Real Madrid coach Zinedine Zidane took full responsibility for Wednesday's shock 0-2 defeat at Wolfsburg in their Champions League quarterfinal first leg.

Madrid went into the game as huge favourites after Saturday's La Liga Clasico win at Barcelona, but were soon 2-0 down through Ricardo Rodriguez's penalty and Max Arnold's close range strike after a lovely team move ripped open the visiting defence.

The Spanish giants still had over an hour to score at least one away goal, but Cristiano Ronaldo had an off night and Wolfsburg goalkeeper Diego Benaglio was comfortable throughout.

The Galactico coach told his postmatch news conference that he personally needed to analyse what he and the team got wrong after a result which came as a total surprise.

"I have all the responsibility, total, as coach," Zidane said. "We will watch the game again, and analyse it. I am very proud of my players. I am responsible, and must look to see what happened. And I will do that. We had chances, the only thing is we did not get what we wanted here. It is 2-0 and we must accept that. It hurts as we knew it would be difficult, but nobody, including me, expected this."

By Zidane's estimation, Madrid's first-half performance was not up to the required intensity or commitment for this stage of the competition.

"We did not start with the necessary intensity for a Champions League game," he said. "We made that mistake.
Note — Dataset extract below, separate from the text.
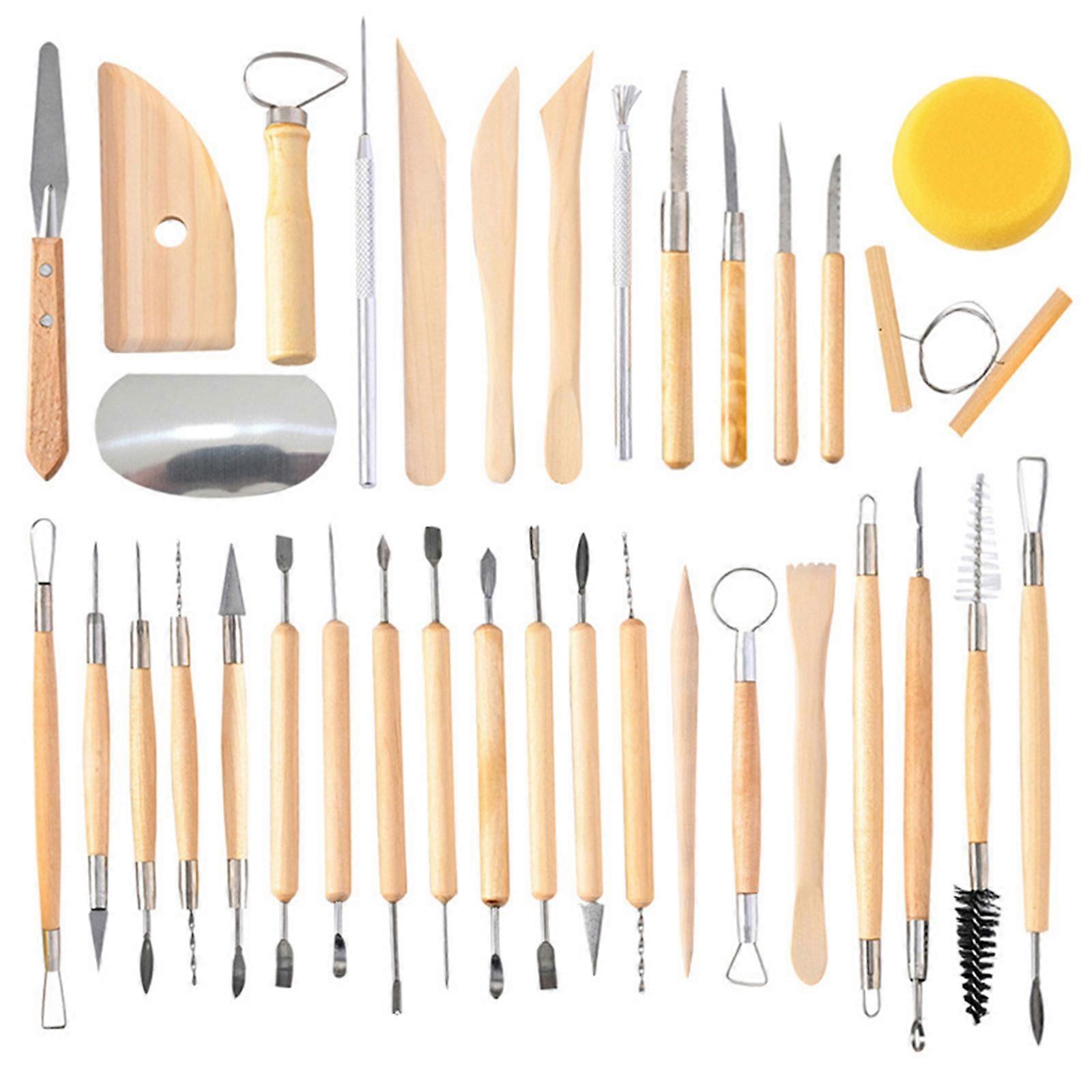 Dual-end Clay Sculpting Tools Wooden Handle Beginners Set for Pottery Shaping

I am not going to go crazy now, as what we have done recently is positive. But this game we cannot be happy with. We will analyse it. It could be [due to] Saturday's game, physically we have suffered, above all in the first half. We lacked, above all, mobility in all the lines, at the start."
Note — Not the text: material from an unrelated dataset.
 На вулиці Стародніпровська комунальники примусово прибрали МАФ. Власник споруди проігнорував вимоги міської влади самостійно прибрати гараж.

Zidane surprisingly started Danilo at right-back and then removed midfield playmakers Luka Modric and Toni Kroos for Isco and James Rodriguez to little avail as the visitors had just one shot on target during the entire second half.

"Danilo had to play too, to rest Dani, and that's it," Zidane said. "I ask the same from them both. I could have changed other players. Nothing to do with Luka, but I had to change something. Then we took off Toni, put in James, you want to see how things will change, nothing else. Today the substitutes did not work, they did not make a difference, for us to score a goal."

Italian referee Gianluca Rocchi enraged Madrid with his penalty decision, after Casemiro had clashed with Andre Schurrle in the box, leading to the opening goal.

"I don't know if it was a penalty, or not," Zidane said. "I am not getting into that."

Madrid's awful night also featured another injury for centre-forward Karim Benzema, who limped out of the action before half time with what appeared to be a knee problem.

"I was asking him if he was okay, and until he said he could not continue, he stayed on the pitch," Zidane said. "When he said he was bad, I changed him."

Los Blancos have a history of stirring second-leg comebacks at their Estadio Santiago Bernabeu, and Zidane said he remained confident that his team could turn the tie around and reach the last four when the teams meet again in Madrid next Tuesday.

"The only thing we can do is be calm," he said. "I am not going to go crazy, the players neither. We are hurting, as to lose always hurts. But now we know we have chance to change this. Being Real Madrid we know we can turn this around at the Bernabeu with our fans."